Print the data exactly. Omit the pictures.

*The data*.
____

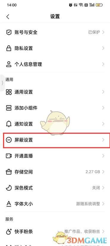 2、最后进入到设置的页面之后就可以看到【屏蔽设置】了。
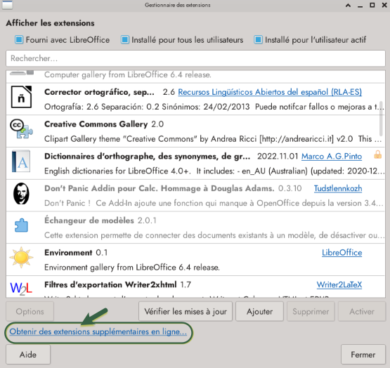Il faut commencer par les récupérer. Au plus simple, aller dans Outils → Gestionnaire des extensions et cliquer sur le lien en bas « Obtenir des extensions supplémentaires ». Ilvous mènera tout droit sur le site extensions.libreoffice.org qui répertorie aussi bien des extensions (petits programmes ou macros qui ajoutent des fonctionnalités à LibreOffice) que des modèles.
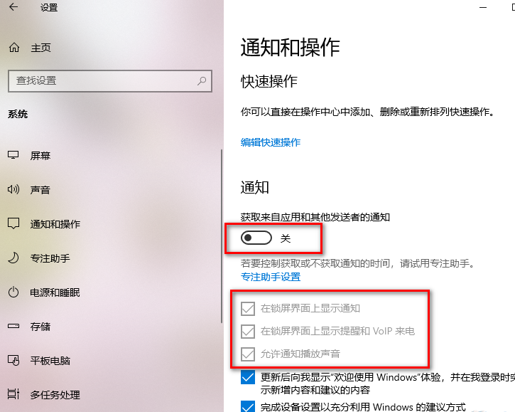 5.我們可以將【獲取來自應用和其他發送者的通知】的開關按鈕點擊關閉即可,關閉之后,那么下方的通知選項就會自動取消勾選,如圖所示。
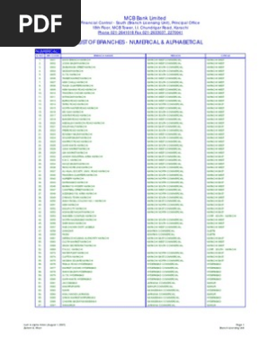 Mcb Branch List Karachi Lahore

____

*Solution to this problem*.
 2、最后进入到设置的页面之后就可以看到【屏蔽设置】了。
Il faut commencer par les récupérer. Au plus simple, aller dans Outils → Gestionnaire des extensions et cliquer sur le lien en bas « Obtenir des extensions supplémentaires ». Ilvous mènera tout droit sur le site extensions.libreoffice.org qui répertorie aussi bien des extensions (petits programmes ou macros qui ajoutent des fonctionnalités à LibreOffice) que des modèles.
 5.我們可以將【獲取來自應用和其他發送者的通知】的開關按鈕點擊關閉即可,關閉之后,那么下方的通知選項就會自動取消勾選,如圖所示。
 Mcb Branch List Karachi Lahore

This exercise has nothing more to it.